Halal Is Not the Problem and CCTV Is Not the Answer

It's much easier to feel outraged about animal suffering when it's somebody else's fault and somebody else who needs to change their behaviour. Which is one of the reasons why this story has given renewed vigour to campaigns to remove religious exceptions to stunning and for mandatory CCTV in slaughterhouses.

This week there has been much discussion about undercover footage from a slaughterhouse in Yorkshire. This isn't the first such video but it does seem to have captured more attention than many of its kind.

Part of the reason is that the slaughterhouse in question is a halal one, making it easy for most people in the UK, who are not Muslims, to feel outraged without being in any danger of having to change our own habits.

It's much easier to feel outraged about animal suffering when it's somebody else's fault and somebody else who needs to change their behaviour. Which is one of the reasons why this story has given renewed vigour to campaigns to remove religious exceptions to stunning and for mandatory CCTV in slaughterhouses.

I'm sure support for these campaigns stems from good intentions, but neither is the solution to animals suffering for our food industry. In fact, there's a strong argument such campaigns do more harm than good in the long run. Not least because they perpetuate the notion that there's a benign way to kill and eat around 60billion land animals globally every year.

Let's consider stunning: can we honestly say that it makes slaughter 'humane'? If stunning then slitting one's throat is humane, why don't vets offer it when our beloved companion animals need euthanasia? I think most of us, if we're completely honest with ourselves, already know the answer to that question. The fact is, if we wouldn't want something done to a loved one, or to ourselves, we can't call it humane.

With this in mind, one has to question how CCTV would improve the fate of animals who are slaughtered. According to the Food Standards Agency's latest report: 55% of red meat and 43% of white meat slaughterhouses already have CCTV in place. However, the vast majority of footage goes unwatched. The campaign for making CCTV mandatory doesn't seem to have a satisfactory solution to this, other than suggesting vets could look at footage if an incident was reported to them. Do we really believe this is enough to ensure workers on busy cut lines always have welfare laws at the forefront of their minds?

In reality, most slaughterhouse workers don't set out to breach welfare laws but rather, under the pressure of a physically dangerous and emotionally blunting job, cannot afford to care for each animal they kill as an individual. If they did, they simply wouldn't be able to continue to function. This is perhaps one of the harms of slaughter that we most often neglect to consider: the double bind we place upon slaughterhouse workers. We demand they care for the wellbeing of the animals they slaughter whilst not caring enough to stop slaughtering them altogether.
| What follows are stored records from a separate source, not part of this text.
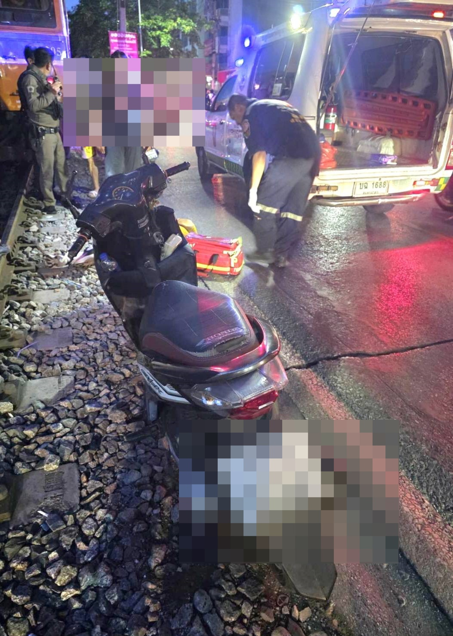 เมื่อไปถึงที่เกิดเหตุใกล้กับบริเวณแลนด์มาร์คมหาชัยพบ รถจักรยานยนต์ ฮอนด้า หมายเลขทะเบียน 1กท 3507 สมุทรสาคร ล้มอยู่บริเวณที่เกิดเหตุ มีผู้บาดเจ็บเป็นชายทราบชื่อต่อมาคือนายสงกรานต์นอนเจ็บอยู่ริมทางรถไฟมีแผลฉกรรจ์บริเวณหัวเลือดไหลเเดงเทั่วหัวและลำตัว เจ้าหน้าที่กู้ชีพจากมูลนิธิและพลเมืองดีช่วยกันปฐมพยาบาลและนำส่งโรงพยาบาลใกล้เคียง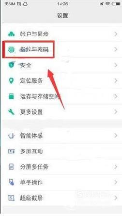 在设置中找到指纹与密码后,点击进入到指纹与密码的选项中,我们就可以点击开启指纹解锁,我们就可以采集指纹信息了。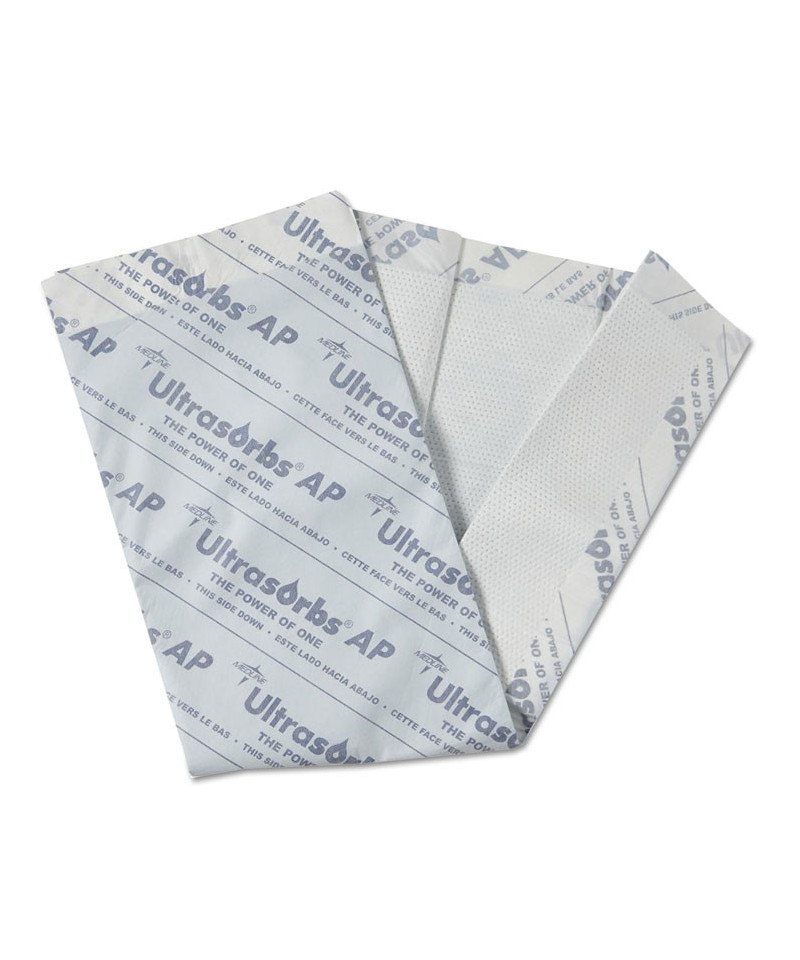 Ultrasorbs AP® help manage moisture and help maintain skin integrity over time. Extra-large pad draws in moisture, locks it away from the skin. Feels dry to the touch in just minutes after wetting. AquaShield film provides leakage protection, resulting in fewer linen changes; with no double-padding needed. Lies flat when wet without bunching, swelling or disintegrating. Air-permeable for added patient comfort. Effective for use with low air loss mattress therapy—protects the bedding and permits air flow.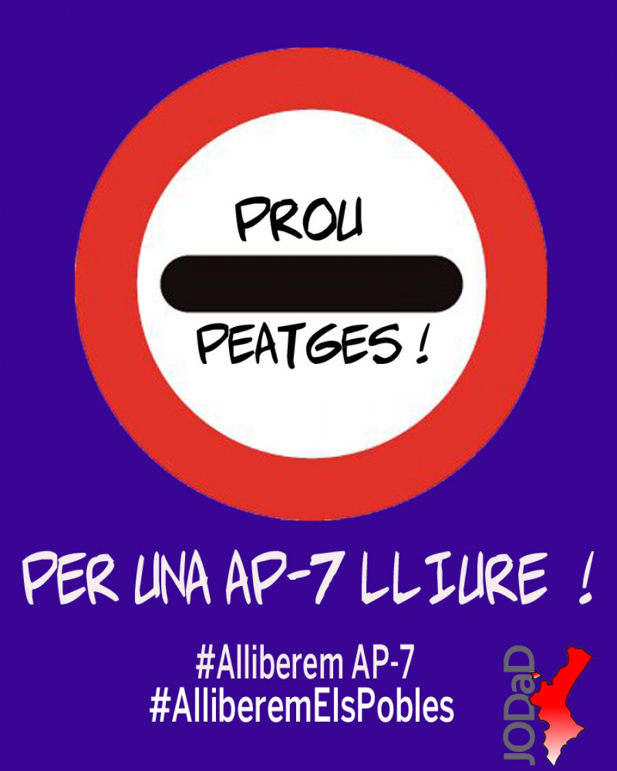 Diferents persones han començat una campanya per evitar l’ampliació de la concessió. @AllibereuAP7 recull els dies que manquen per la seva finalització, avui ja només 603 dies pel tram valencià i per tant el que passi al País Valencià tindrà repercussió al Principat. Seria interessant unificar esforços i començar a exigir la no ampliació de la concessió, podríem estar 25 anys més pagant per una autopista que ja ha estat amortitzada moltes vegades i que només serviria per omplir les butxaques de Florentino Pérez la seva llotja del Bernabeu a costa de Valencians i Catalans.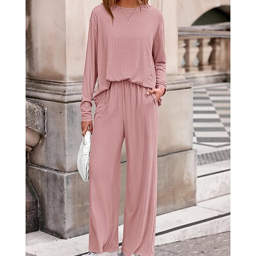 Per donna Caldo Felpa Sherpa Pantaloni in pile Pantaloni maglione Set Manica lunga Girocollo Tinta unica Alfabetico Esterno Nero Rosso Marrone chiaro Primavera Oversize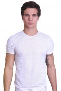 Weißes T-Shirt für Männer von LOOK ME. Das Shirt besteht aus einem dehnbaren Netzmaterial. Am linken Ärmel befindet sich eine dekorative Schnürung.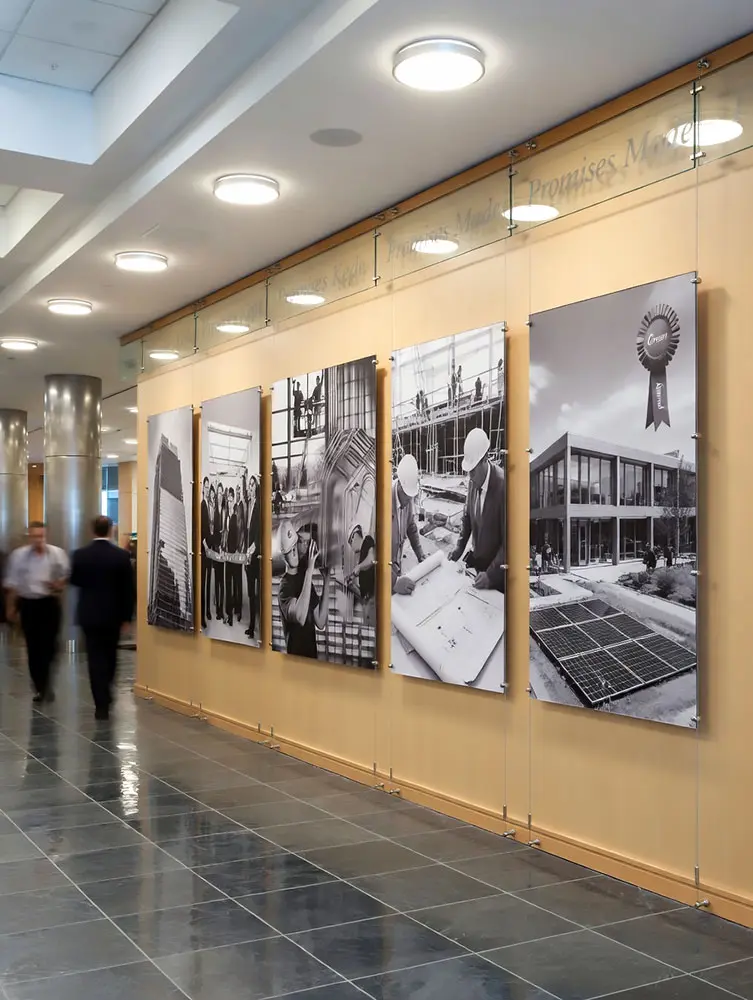 Cable suspensions are ideal for displaying historical photos, news clippings, and other memorabilia that capture pivotal moments in your company’s history.

One former slaughterhouse worker describes this problem in Gail Eisnitz's book, Slaughterhouse:

"The worst thing, worse than the physical danger, is the emotional toll. If you work in the stick pit [where hogs are killed] for any period of time--that let's [sic] you kill things but doesn't let you care. You may look a hog in the eye that's walking around in the blood pit with you and think, 'God, that really isn't a bad looking animal.' You may want to pet it. Pigs down on the kill floor have come up to nuzzle me like a puppy. Two minutes later I had to kill them. ... I can't care."

Activist and former investigator TJ Tumasse summed up the problem well in a speech last year. He explained that too often people use these undercover investigations to identify a scapegoat; be it an individual, a company, or a particular process; rather than holding the entire system responsible.

And that's just it; the problem isn't with individual incidents or cases; the whole system is founded upon causing harm. Every time there's an undercover investigation, suffering is found, whether physical abuse or terrified animals screaming for their lives, knowing very well they are about to die. The problem of animals suffering in the food industry isn't something that can be isolated and removed. It isn't how we use and kill animals that needs to change, it's that we use and kill them at all.

Humane slaughter does not exist. You cannot take the life of an individual, who does not wish to die, without causing them harm. CCTV and stunning aren't going to change that fact. All these measures do is hand the food industry marketing tools to help ease our consciences so that we keep on buying.

It's time we stopped our complicity in this. Time for us to stop blaming scapegoats, to stop demanding other people change their behaviour, and instead recognise that change begins with each and every single one of us. The change that's required doesn't involve finding a new supplier, going to protests, or demanding changes in the law. It's much simpler than that, and all it takes is one thing: we just need to be vegan.